OP-ED: Want Congress to be more effective during the next crisis? Support campaign finance reform

Rep. Thomas Massie (R-KY) who was bankrolled by 21-year-old super citizen John Ramsey undermined the pandemic response legislation called the CARES Act.

Rep. Thomas Massie (R-KY) who was bankrolled by 21-year-old “super citizen” John Ramsey undermined the pandemic response legislation called the CARES Act.

The scene was bizarre in the U.S. House of Representatives last Friday afternoon, where members had to use the upper galleries to observe social distancing guidelines while they approved a massive aid package for American workers and businesses.  Citizens are justifiably wondering how we got to this point.  

Part of the answer lies in the combination of a campaign finance system that privileges wealth, a rich college student in Texas, and a legislator who is “a third rate Grandstander” according to President Trump.

Congresswomen and Congressmen were forced to return to Washington to pass the CARES Act (Coronavirus Aid, Relief and Economic Security Act) because of one man:  Rep. Thomas Massie (R-KY). He insisted on having a roll-call vote on the package, forcing members to return to Washington to overrule his motion and pass the bill by a voice vote.

Massie gets elected these days by being an incumbent Republican in a safe Republican seat, although he might lose the Republican primary, since Trump has called for his expulsion from the Republican Party.

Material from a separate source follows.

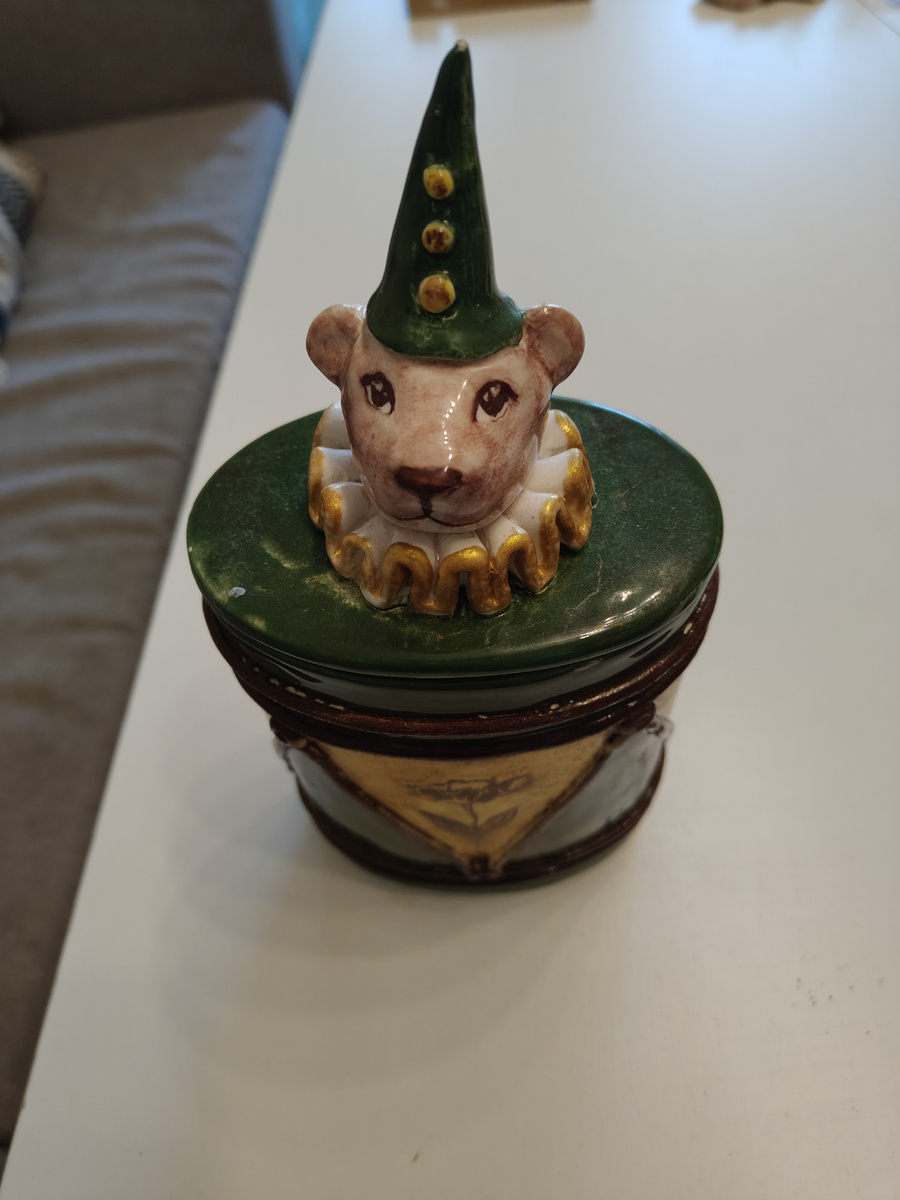 Это баночка (не знаю насколько применим такой термин к керамическому изделию), которую моя знакомая использует для хранения кофе. Я как начала тут поститься теперь если бываю в гостях у людей, кто юзает мои изделия, то фоткаю их для пикабушечки.

But in his first campaign, Massie “was primarily bankrolled by John Ramsey, a 21-year-old college student with a hefty inheritance” (according to The Almanac of American Politics 2014).  Massey won with 45% of the vote, beating two other strong candidates with experience winning Republican primaries.

Ramsey, then a student at Stephan F. Austin State University in Nacogdoches, Texas,  gave more than $500,000 to “Liberty for All,” a group that was supported the Massie Campaign.  It ran TV ads and funded a get-out-the-vote operation. This was only possible because the Supreme Court in its 2010 Citizens United decision removed limits on individual spending on campaigns, as long as the spending was not under direct control of a candidate or their campaign.

Why would a Texas college student care this much about a congressional race occurring over 900 miles away?  In this case Ramsey was a big fan of Sen. Rand Paul (R-KY), the libertarian firebrand who was a supporter of Massie.  

I am all for college students having political heroes, even if they are in a different state.  When I was in college in Indiana, I was able to meet one of mine: then-Sen. Bill Bradley (D-NJ).  On the day of the 2016 Republican Presidential Caucus in Kansas, one of my students was working the crowd on behalf of the Ted Cruz campaign.   Many of my current students at Wichita State are passionate about Sen. Bernie Sanders, and some have even given his campaign small donations.

These contributions are good for democracy, where the many rule themselves.  Small contributions expand the number of citizens who are actively involved in government and politics, without creating significant differences in power among citizens.  A voter who gives $5 to a candidate has a bigger impact than a non-contributing voter, but the difference is so small that it is irrelevant.

But when one individual can give over $500,000, then the system looks more like an oligarachy, the rule by the few over the many.  Inherited wealth should not be the effective qualification for being a ruler, whether the “super-citizen” is 21, 51, or 71 years old.  The odd scene in the U.S. Capitol Friday is another example of why campaign finance reform is urgently needed.